Elsevier

Pattern Recognition

Volume 95, November 2019, Pages 114-127
Pattern Recognition

Deep forest hashing for image retrieval

https://doi.org/10.1016/j.patcog.2019.06.005Get rights and content

Highlights

  • The proposed method considers three types of similarity metrics to preserve the semantic similarity and manifold similarity among the data points in the Hamming space.

  • Different sized sliding windows are used to extract multi-grained features from raw data. And the feature extraction phase is dependent on the hash function learning stage, which helps in learning better hash functions.

  • Compared with deep neural network-based hashing methods, the proposed method has fewer hyperparameters, faster training speed and easier theoretical analysis.

  • The proposed method learns shorter binary code representations to achieve effective and efficient image retrieval.

Abstract

Hashing methods have been intensively studied and widely used in image retrieval. Hashing methods aim to learn a group of hash functions to map original data into compact binary codes and simultaneously preserve some notion of similarity in the Hamming space. The generated binary codes are effective for image retrieval and highly efficient for large-scale data storage. The decision tree is a fast and interpretable model, but the current decision tree based hashing methods have insufficient learning ability due to the use of shallow decision trees. Most current deep hashing methods are based on deep neural networks. However, considering the deficiencies of deep neural network-based hashing, such as the presence of too many hyperparameters, poor interpretability, and requirement for expensive and powerful computational facilities during the training process, a non-deep neural network-based hashing model need to be designed to achieve efficient image retrieval with few hyperparameters, easy theoretical analysis and an efficient training process. The multi-grained cascade forest (gcForest) is a novel deep model that generates a deep forest ensemble classifier to process data layer-by-layer with multi-grained scanning and a cascade forest. To date, gcForest has not been used to generate compact binary codes; therefore, we propose a deep forest-based method for hashing learning that aims to learn shorter binary codes to achieve effective and efficient image retrieval. The experimental results show that the proposed method has better performance with shorter binary codes than other corresponding hashing methods.

Introduction

The rapid development of information technology has substantially increased the data accumulated in various fields, and the age of big data has arrived. Determining how to quickly and accurately search the data that users need in massive data has become an urgent problem to be solved. Efficient retrieval on large-scale data has become a popular research topic in academia and industry. Hashing learning has attracted considerable attention in recent years due to its excellent performance in processing high-dimensional data. Our paper focuses on the deep hashing model using deep forests as hash functions with considerably fewer hyperparameters, competitive performance and convincing theoretic analysis.

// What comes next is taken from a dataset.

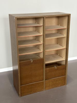 Classeur double à rideaux en aggloméré mélaminé façon chêne.

Hashing learning aims to transform every data item into a low-dimensional representation, i.e., equivalently, a short code consisting of a sequence of bits referred to as hash code [1], [2]. Hashing methods can be generally divided into two main categories: data-independent hashing and data-dependent hashing [3], [4], [5]. The main difference is that hash functions used by data-independent methods are either manually designed or randomly generated, while those in data-dependent methods are automatically learned from the data. The most representative data-independent hashing methods for image retrieval tasks are locality-sensitive hashing (LSH) [6] and its variants superbit LSH [7], nonmetric LSH [8], kernelized LSH [9] and LSH with faster computation of the hash functions [10]. LSH uses a set of randomly generated hyperplanes that are sampled from a Gaussian distribution, and then projects the original high-dimensional data onto the hyperplane, and finally thresholds the projection results as the output of the hash functions. The emergence of LSH greatly improves the efficiency of image retrieval and provides a new perspective for solving large-scale image retrieval. However, the hash functions in data-independent methods represented by LSH are randomly generated or manually specified, irrespective of the distribution of the original data, so the accuracy of the algorithm increases slowly when the number of bits increases. Therefore, it is difficult to obtain a stable retrieval result in practical applications. Different from data-independent methods, the hash function for each code in data-dependent methods is learned from the data, and has practical implications.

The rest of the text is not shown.